Biosourced polyamides (e.g. PA11, PA1010, PA410 and, to a lesser extent, PA610), as the name implies, are sourced from fully or partially derived renewable feedstock. These materials inherit the characteristic PAs properties, exhibiting high mechanical strength and thermal performance with added processing advantages consequently opening up new opportunities in their future market.11,16 The global biosourced PA market size was valued at USD 110 million in 2016 and it is expected to reach USD 220 million by 2022, according to a new study by Grand View Research, Inc. These values represent a predicted CAGR of 12.2% from 2015 to 2022, supporting the future increasing of their demand (Fig. 1c). The global production capacity of bio-PA is similar to that of the common bioplastics such as biobased PE, PLA and PBAT, being around 12% of the 2.11 million tonnes of bioplastics produced in 2019 (one percent of the more than 359 million tonnes of plastic produced annually).13 In general, biosourced PAs have somewhat lower melting temperatures, density, ductility, and moisture absorption than widely used synthetic nylons e.g. PA6 and PA66. Thanks to their renewability, recyclability, light weight, inexpensive nature, electromechanical resistivity, ductility, and creep resistance, biosourced PAs have been attracting attention from various end-use sectors and they are used in a wide variety of applications (Fig. 1d). Textiles emerged as the second-largest end-use segment in 2016, after automotive applications, while the electrical & electronics sector is projected to emerge as one of the fastest growing end-use sectors in the next few years.13

However, the main disadvantage to these biosourced materials is that they are currently more expensive compared to traditional nylons.
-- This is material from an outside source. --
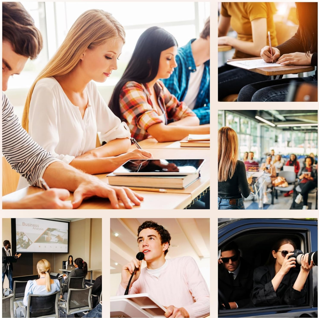
Figure 5: Examples of discreet applications for the Nano V6 system.
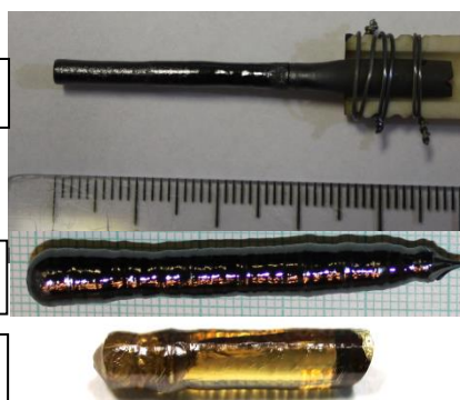
Examples of prepared materials.

The common biosourced PA11 is a castor oil-based biopolymer and is a semi crystalline polymer that exhibits six different crystalline phases.17 Its degree of crystallinity and phase composition can have a significant influence on its exhibited mechanical properties, giving it a wide selection of adjustable usages.18 In their study, Zhang et al.19 showed that there is an optimum annealing temperature for PA11, around 165 °C, when crystallinity can be maximized. Although PA11 represents only a minor portion of global nylon production, the demand for PA11 and biosourced polyamides is expected to grow (Fig. 1c), making them of interest for research within both academia and industry. In fact, the rises in oil price and the increasing environmental awareness as well as the stricter environmental policies will make fossil-based polymers more expensive, favouring the production of bio-based alternatives. The production of traditional PA has higher environmental impact than those of biobased PA contributing the potential global worming (≈7 Kg CO2 eq. per kg PA 12 against ≈4 Kg CO2 eq. per kg bio-PA 12).11

Cellulose as reinforcement

Cellulose is a natural biopolymer and is a main constituent of plant cell walls, tunicates, and many species of bacteria where it serves as the fundamental structural reinforcement. The combined global annual production of cellulose by plants is estimated to be 1.5 × 1012 tons, making cellulose the most abundant polymer on earth.3 It can therefore be regarded as a rich source of materials for numerous applications and as such is currently receiving significant attention in the context of sustainability.20,21 Cellulose and its numerous derivatives have been extensively studied, focusing on their biological, chemical, as well as mechanical properties.22–24

Cellulose polymeric molecule is recognized as a homo-polysaccharide composed of D-anhydroglucopyranose repeating units linked by glycosidic bonds, produced via condensation polymerization of glucose.3,22,25 Its linearity and many hydroxyl groups enable the formation of ordered crystalline structures which provide the unique mechanical properties to cellulose fibres (CF). Different levels of the hierarchical structure in cellulose fibres found in a typical plant source is shown in Fig. 2.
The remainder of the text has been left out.